As I continued my walk, I began to analyze this new sensation, wondering if I could put an intellectual explanation to something unexplainable. There was no logical explanation for why I should feel so at ease, so at home, in a city I’d only seen in pictures, but there was no denying the fact that I somehow knew these street as if I’d walked them my entire life. I had never been this comfortable walking the streets of my hometown. I began to remember the power the mythologies had held over my imagination, and wondered if maybe something in the stories had imprinted itself upon my very DNA.

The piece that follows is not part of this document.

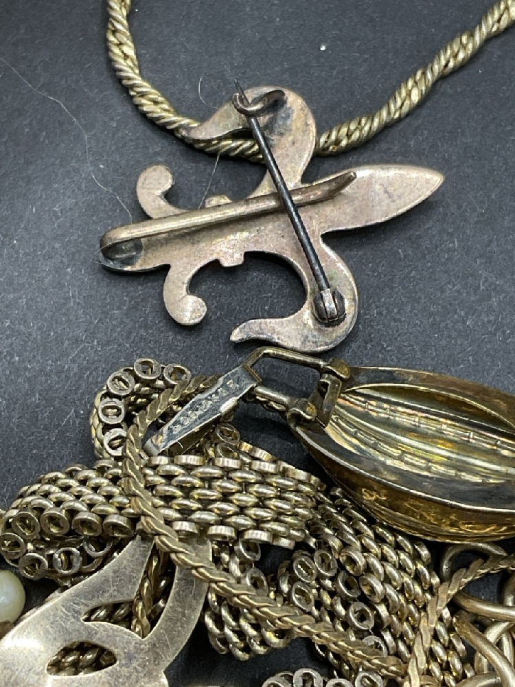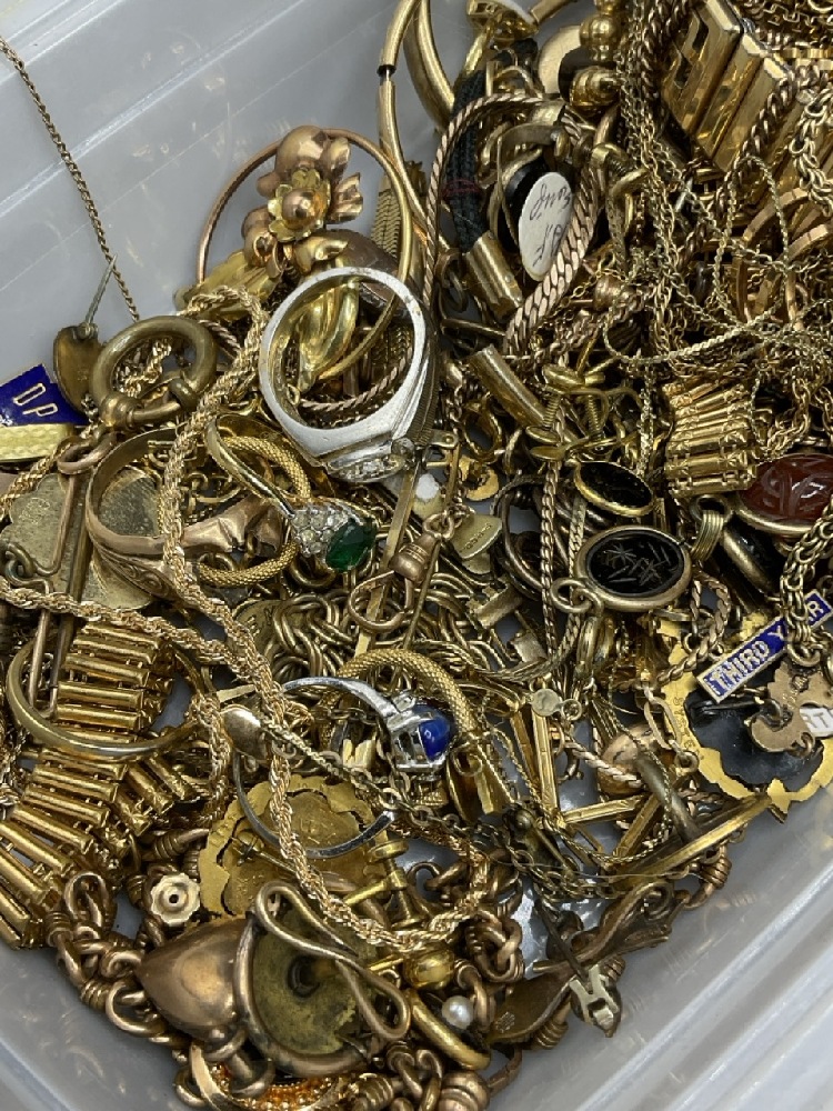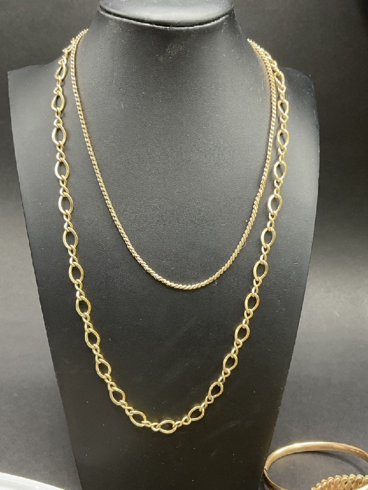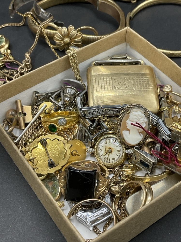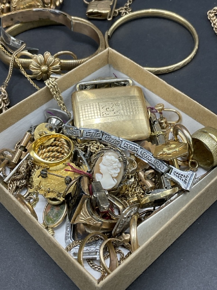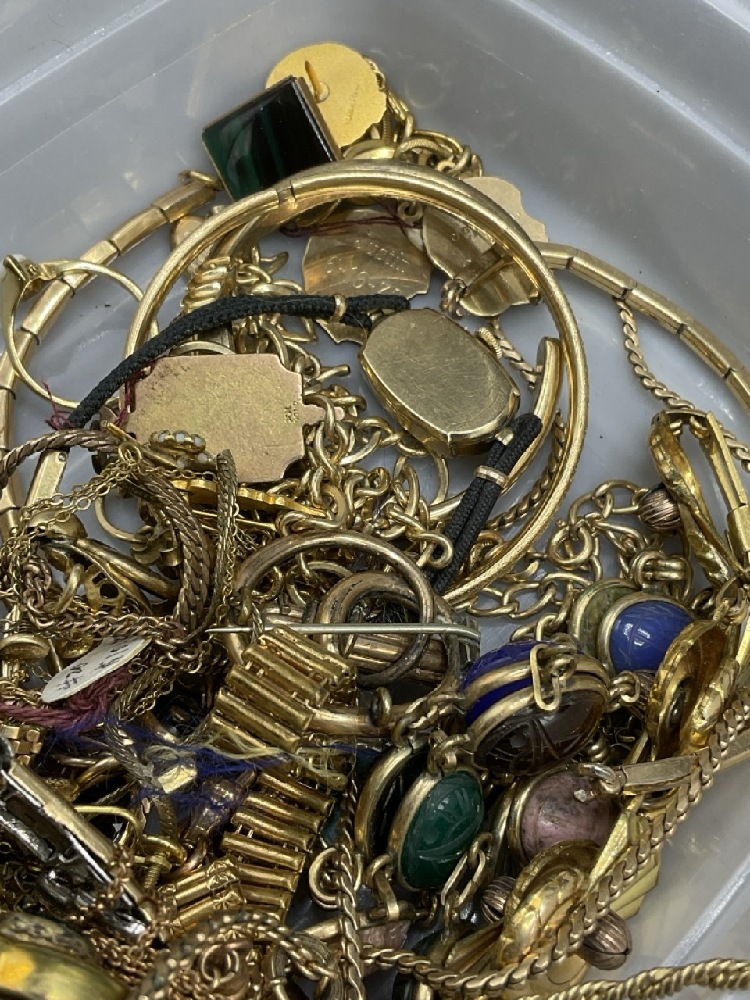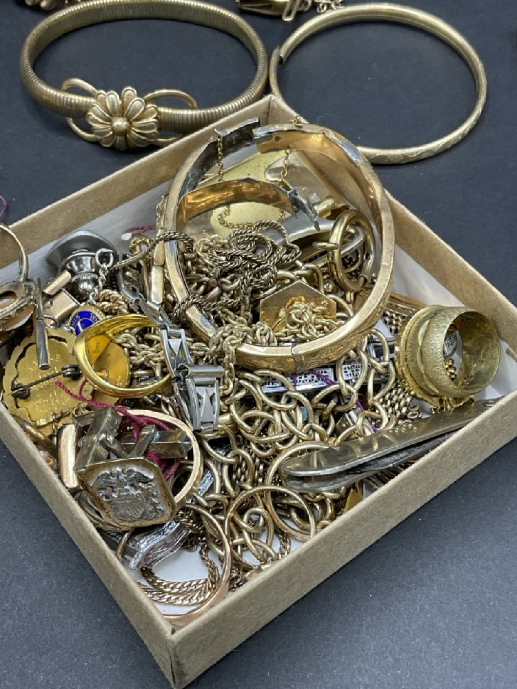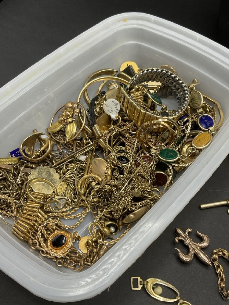 A Large grouping of mostly gold filled jewelry. Assorted unmarked and arked 1/20 10k,12k,14, rolled golled or gold filled. Antique watch chains, several necklaces, gemstone bracelets, rings etc.

I had once read a study that suggested mankind’s fascination with dragons had evolved from a fusion of memories of the three greatest threats to early man: snakes, eagles, and tigers. The author speculated that generations of predation by these three lethal threats to early hominids had become so thoroughly embedded in the human psyche that the mental image of a dragon was formed as an amalgamation of, or triumvirate image of death. An interesting notion at the time I read it, but casually dismissed as notion and nothing more. Now, however, as I walked anonymous streets knowing exactly where to turn and which direction to face, I began to reevaluate the possibilities of genetic memory coming into play. Had my Irish ancestors, filled with such a deep and abiding love of a home they had chosen to leave, burned their very past into their genetic code as an emotional and psychological signpost for future generations? I have no answer to this, nor do I ever expect to find one, but it holds a certain charm for me. It was, and is, as if the landscapes of my beloved myths had merged with my memories, and that the land I had fallen in love with from afar had welcomed me back with open arms. Home.